Department of Engineering Science and Mechanics

Seminar

Mixing Efficiency of Swimming Animals in Stratified Fluids

Monday, March 23, 2009
9:00 - 10:00 AM
Room 229 Norris Hall

Ms. Kakani Katija Young
Graduate Aeronautical Laboratories and Bioengineering, California Institute of Technology, Pasadena, CA 91125

The potential role of animal-fluid energy interactions in ocean mixing is a topic of increasing study that has been limited by the need for data at the scale of individual animals. Previous findings suggest that the energetic input by swimming animals to the ocean mixing energy budget may impact mixing at the same level as winds and tides, whose respective rates of kinetic energy dissipation are of the same order of magnitude. However, these results equate dissipation of mechanical energy with mixing; not all mechanical energy that is dissipated goes into mixing a fluid. The mixing efficiency should instead be an indicator of mixing. A method that determines the mixing efficiency of swimming animals will be presented. This method combines the techniques of DPIV, PLIF and dye visualizations. This methodology is then applied to multiple swimming cycles of Mastigias sp. (a native Palauan jellyfish species) to answer whether mechanical energy at small animal scales can achieve any substantial mixing before it is dissipated as heat.

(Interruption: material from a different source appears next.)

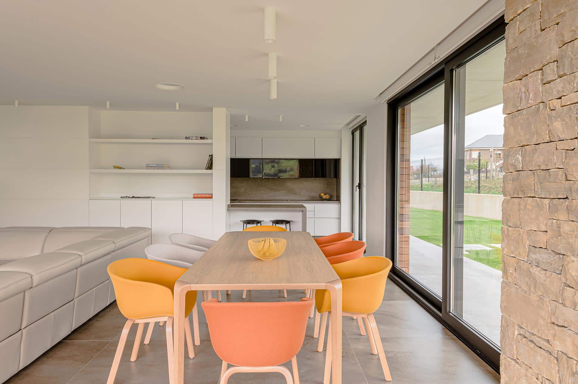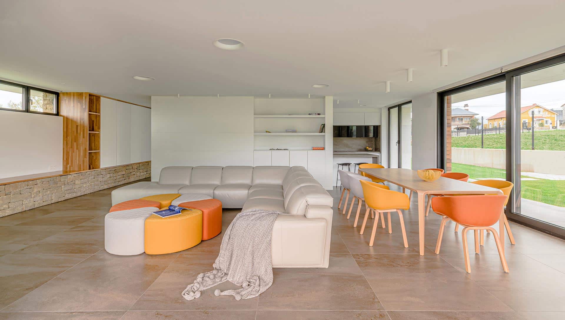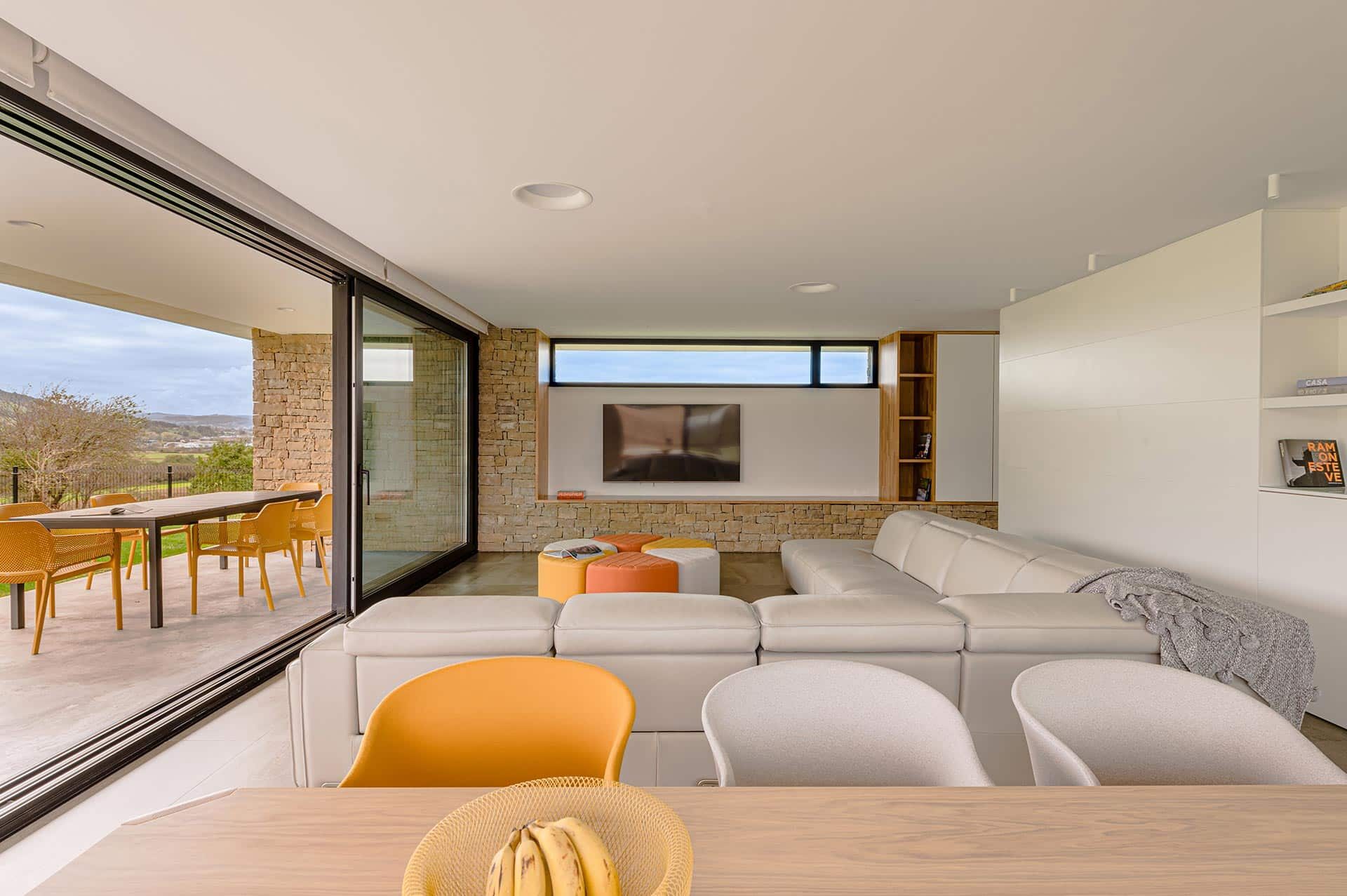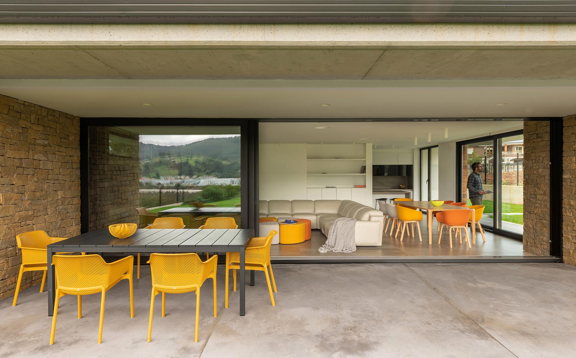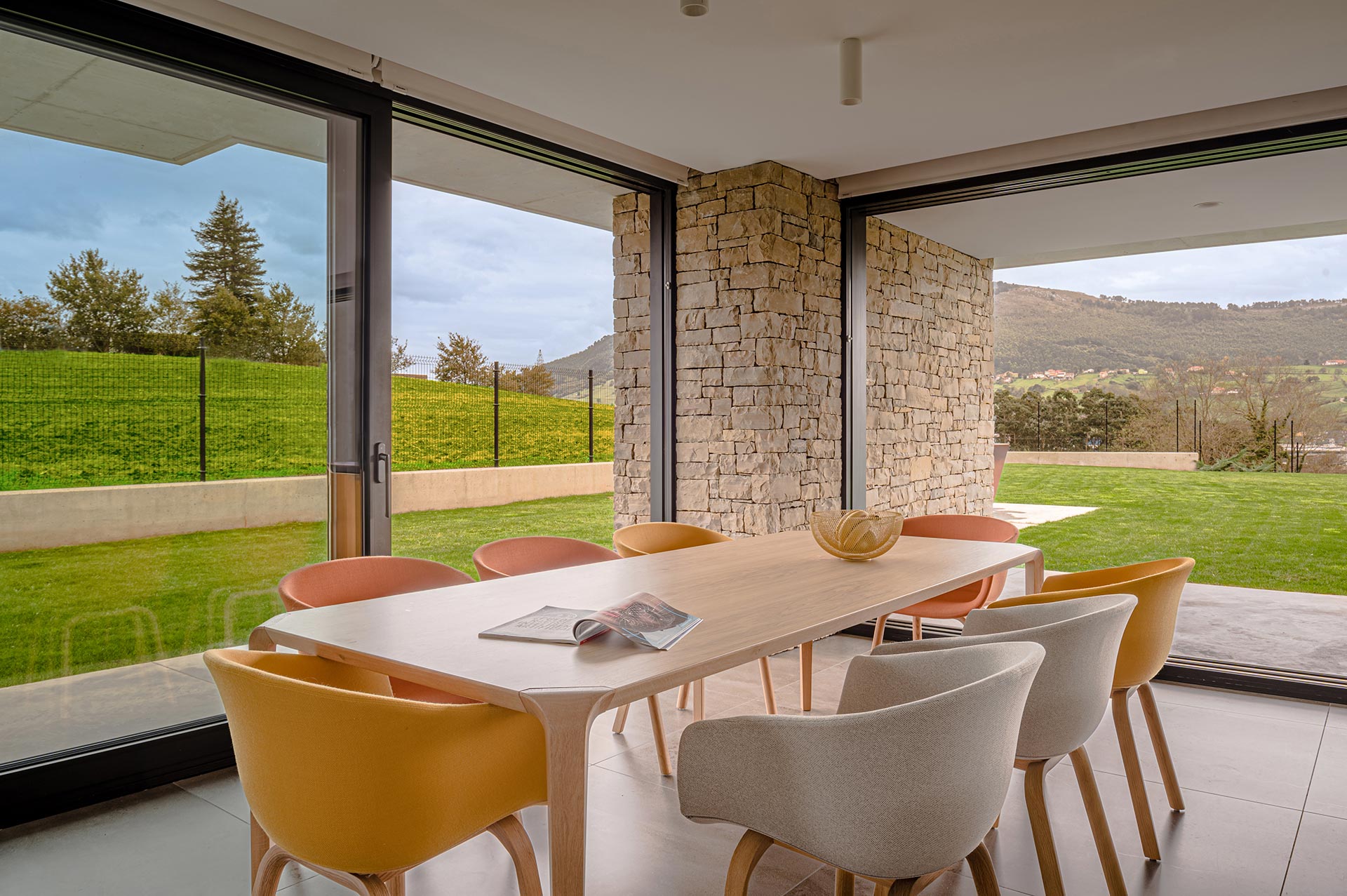 Esta vivienda, ubicada en el término municipal de Marina de Cudeyo, reinterpreta la arquitectura tradicional de la zona, conviviendo los materiales vernáculos y las cubiertas inclinadas, con vestigios contemporáneos y líneas generales de marcada tendencia horizontal. El uso de materiales como la mampostería, la cerámica y la madera, conviven con las líneas minimalistas interiores en tonos claros y con grandes ventanales en todas sus fachadas, dando como resultado una vivienda muy adaptada a su entorno, abierta al espacio exterior y muy funcional.

Biographical Sketch: Kakani Young received a B.S. in Aeronautics and Astronautics at University of Washington. She received an M.S. in Aeronautics at California Institute of Technology and will be completing a Ph.D. in Bioengineering at the same institution. As an undergraduate, Kakani and a team of peers successfully conducted a fluids experiment on board the “Vomit Comet” as part of NASA’s Reduced Gravity Student Flight Opportunities Program. Later Kakani became the state of Washington’s representative for the NASA Academy at NASA Ames Research Center. During her Ph.D. she became a certified research diver and has conducted SCUBA diving field expeditions in Friday Harbor, WA, Woods Hole, MA, Croatia and Palau. Kakani is a recipient of both the ASEE National Defense Science and Engineering Graduate Fellowship and the National Science Foundation Graduate Student Research Fellowship.